Whether you are an alumni or a current student, there are so many things that we all know to be true about our beautiful school. We've all experienced the insanity of Gasparilla, the stress of registering for classes and the ever changing bar on Cass Street just to name a few. Here is a list of the top things that every student can relate too.
1. The 'Caf Poops' are an all too Real Phenomenon.
If you eat any type of food in the caf, especially the international food, you better be within short walking distance from a toilet for the next 24 hours or else.
2. There is at Least One Year You Didn't Make it to Gasparilla.
There is at least one time in your four years at the University of Tampa that you partied so hard before hand that you can't even make it to the days festivities.
3. The Likelihood of Seeing President Vaughn is About the Same as Seeing Snow In Florida.
The ever illusive President Vaughn runs the school but the likelihood of seeing him is slim to none considering he never goes to anything. But hey you get to see him the day you graduate!
4. After a While, You Stop Asking Where People Are From.
After about a year of asking people where they're from, you'll learn to stop asking because 90% of the school is from New England.
5. Registering for Classes Will Make You Lose Your Mind.
The stress of watching all the classes you need fill up before your registration time will make anyone go nuts. And probably cry.
6. We Literally Have No School Spirit.
Almost everyone has a University of Tampa shirt, but when it comes to going to sporting events the turn out is always sub par. Unless it is Midnight Madness or during Greek Week which for most students is the one or two times a year you catch an event. Go Spartans!

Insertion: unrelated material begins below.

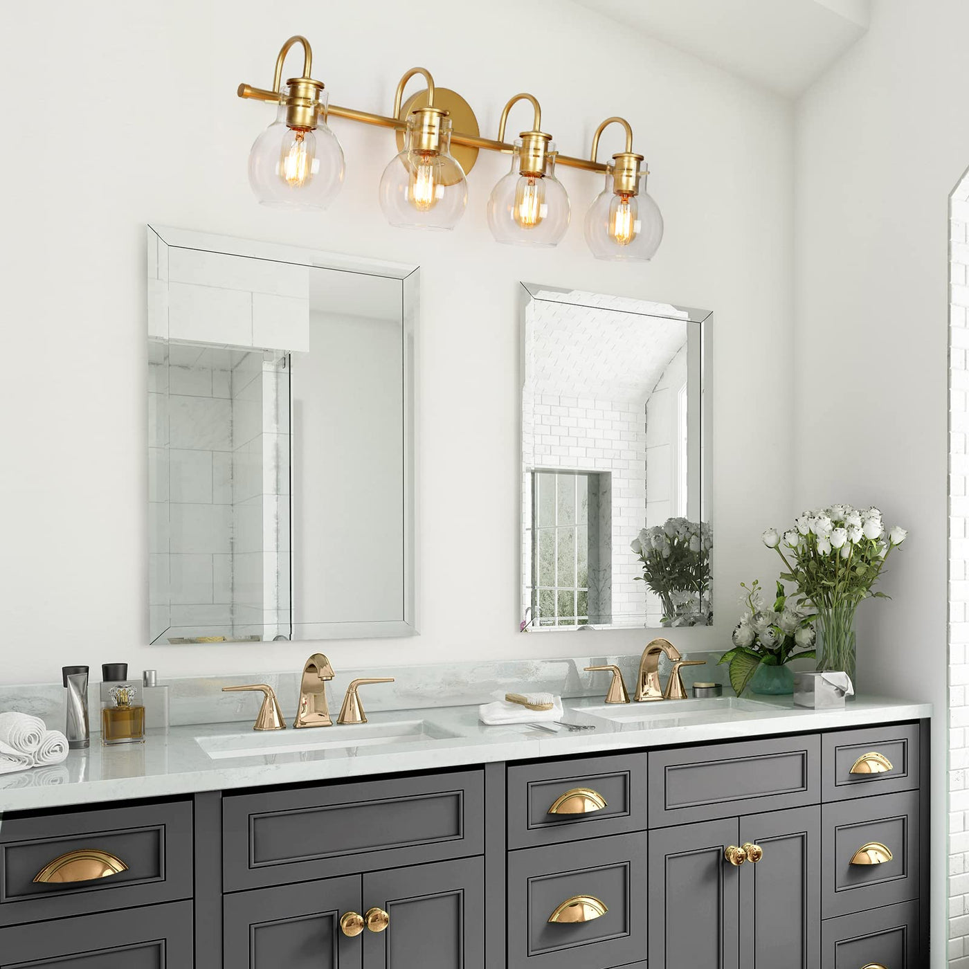 ?Timeless and Classic Design?- This vanity light adds an extremely modern ambience, luxurious soft gold finish fittings with 4 classic globe clear glass shades, that is ideal for a variety of decor styles. The curved socket becomes the finishing touch to this gold vanity light, which is rounds out the design with a farmhouse and vintage vibe. | ?Durable Material & Excellent Quality?- This gold bathroom light will be a great choice to update your bathroom with its excellent quality! Made of high quality metal material, the gold bathroom vanity light is not easy to lose paint and bend, and its surface is waterproof, making it rust-proof. Transparent glass shade is thicker than the normal glass shade, which is not easy to break up. Open bottom design can effectively improve heat dissipation, easy to clean and install bulbs. | ?28.5'' Large Size?- Bathroom light fixtures size: 28.3''L x 6.5''W x 8.5''H. Globe glass shade size: 5 inch in diameter. Back plate size: 6'' W x 1''H. The classic design and large size made the brushed gold vanity light is ideal for master bath or double-sink vanity. This bathroom lighting is perfect for placement in dressing room, mirror cabinet, hallway, bedroom, kitchen, living room and other interior places. | ?E26 Bulb & Dimmable?- The vanity lighting fixture is compatible with all E26 bulbs (Max 60W, Type A, Not Included) such as LED, CFL and Halogen bulbs etc. The brass vanity light is dimmable when you use dimmable bulb and dimmer switch (not included), you can adjust the brightness according to your lighting needs. | ?Easy to Install?- Installation can be completed in 10 minutes. The brass bathroom light fixtures have pre-assembled and come with necessary installation parts. All you need to do is screwing in the bulbs and glass shade, then mounting up and wiring up. The gold bathroom vanity light can be mounted upwards or downwards according to your preference.

7. For Those Older Students and Alumni, the Bar on Cass Street is Constantly Changing Names and Ownership.
Ask any alum: Cass Bar has been at least 3 names in the past four years. But no matter the name and ownership, it's always a hot place to be on Saturdays, Tuesdays and Thursdays. For all the alums, never forget the water slide a few years ago!
8. There is NO Parking Ever.
And if you are lucky enough to get a parking spot, you cherish that spot. And for the rest of us who parked illegally or in a 'Faculty' spot? You better be ready for a nice parking ticket from campus safety (Since they do little else with their time).

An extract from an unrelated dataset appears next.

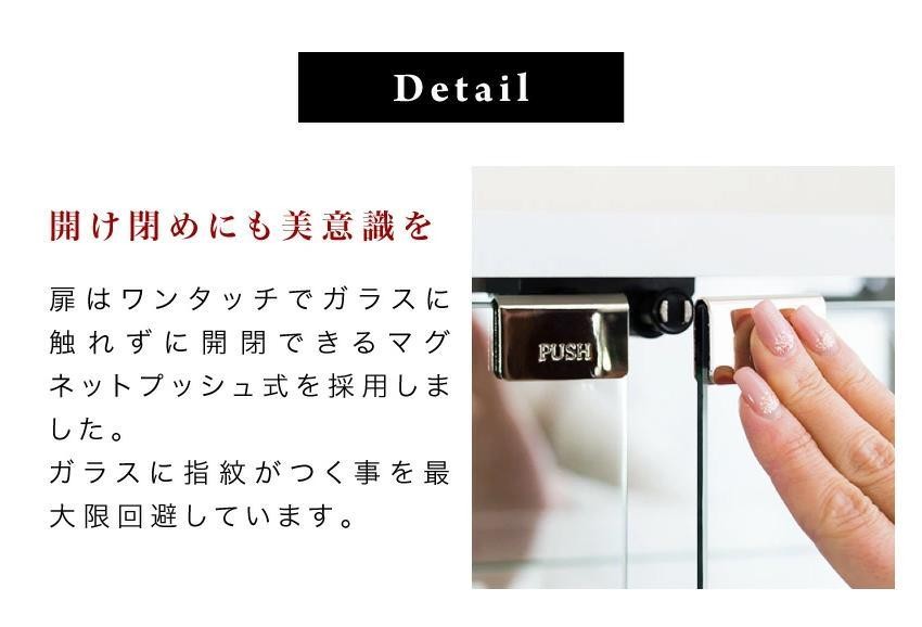 背面ミラーで奥行きが感じられ、前板・棚板・側面はガラスのため開放的な雰囲気。

9. You Will Learn The Definition of 'Accosted' Before You Graduate.
At least once a semester, someone feels the need to stroll alone out by the projects at 3:00 AM and gets 'accosted' by unidentified males. The definition for accosted is: to approach or address someone boldly or aggressively. Thank you UT for all the emails telling most of us what we already knew: not to walk alone at night.
10. The School Loves to Blow Money on Palm Trees.
It is reported that UT spent a whopping $15 million on palm trees recently. And anyone who walks around campus can see new ones popping up in different places frequently. Hey why don't you guys spend more money on things like parking?
11. President Vaughn Loves to Accept More Students Than Theres Room For.
Every year, the University of Tampa accepts more students than on-campus housing can fit. Some freshmen are subjected to living off campus at the Barrymore down the road and have to shuttle to campus. With the new housing policy (don't get me started), upper classmen are slated to live there this upcoming fall semester. If Vaughn keeps accepting more and more students, soon we will be sleeping in our cars just like the Kardashians.